A Cutting-Edge AI Approach for Ground Deformation Modelling
Martina Allegra 1,2, Flavio Cannavò1, Gilda Currenti1, Simone Palazzo2, Concetto Spampinato2
Affiliations: 1Istituto Nazionale di Geofisica e Vulcanologia, Osservatorio Etneo, Catania, Italy; 2Department of Electrical, Electronic and Computer Engineering, University of Catania, Catania, Italy
Presentation type: Talk
Presentation time: Monday 10:30 - 10:45, Room S150
Programme No: 3.1.7
Abstract
The dynamics of the plumbing system directly results in ground deformation in volcanic regions reflecting the complex shape of magma intrusions, the volume of magma entering or rising, and the mechanisms of emplacement. Accurate interpretation of ground deformation data, critical for monitoring a volcano, has prompted the development of several methodologies and models to understand the underlying causative sources and mechanisms. However, traditional methods for interpreting ground deformation data usually rely on simplified mathematical models and manual analyses, which can be time-consuming and less accurate due to the complex nature of volcanic processes and subjective choices of the analyst. On the other hand, more complex models such as numerical approaches (e.g. FEM) can provide more realistic solutions, but at the higher computational and temporal cost; therefore, they cannot be considered for real-time applications. Recent advances in Artificial Intelligence may prove useful by potentially offering an automatic and more accurate tool for encoding complex patterns in deformation data and leading to better predictions of volcanic activity.
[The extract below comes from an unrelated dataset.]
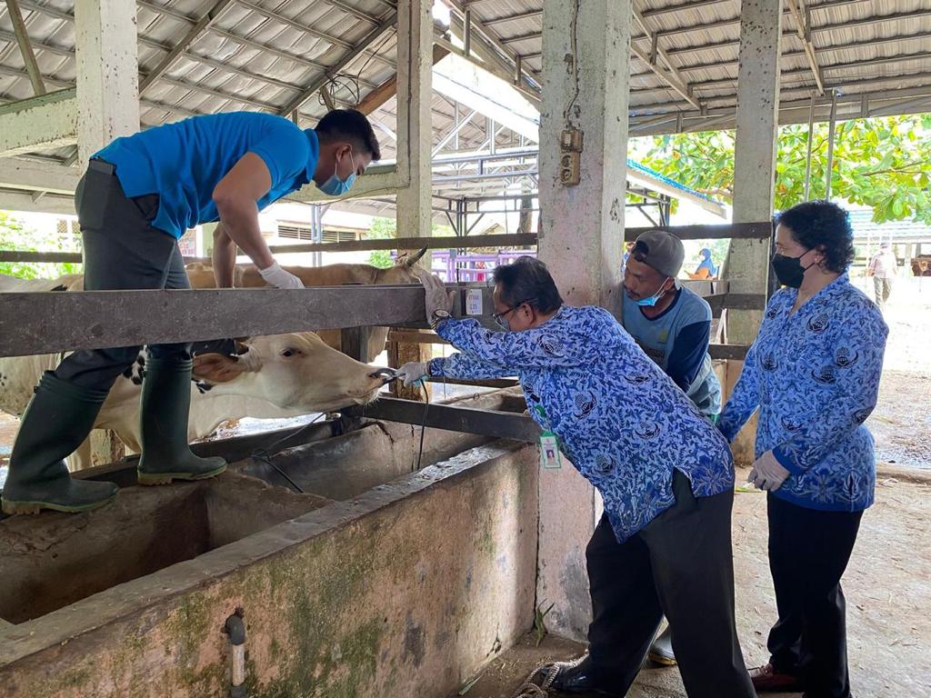 Kadis DKP3 Balangan Tuhalus menyampaikan, salah satu langkah yang dilakukan untuk mencegah masuknya virus PMK dengan melakukan Biosecurity dan penyemprotan disinfektan pada kandang, memberikan penyuntikan vitamin, penguatan imun serta pengawasan intensif terhadap lalu lintas ternak.

By taking advantage of the automation of deep learning, a novel inversion methodology has been approached with a combination of 3D deep neural networks to reconstruct the distribution of forces -- the 3D source -- inside the volcano that can generate the measured ground deformation. The AI model shows good ability to do instantaneous imaging of the volcanic source from station-based streamed deformation data, providing a useful tool for both monitoring and research purposes.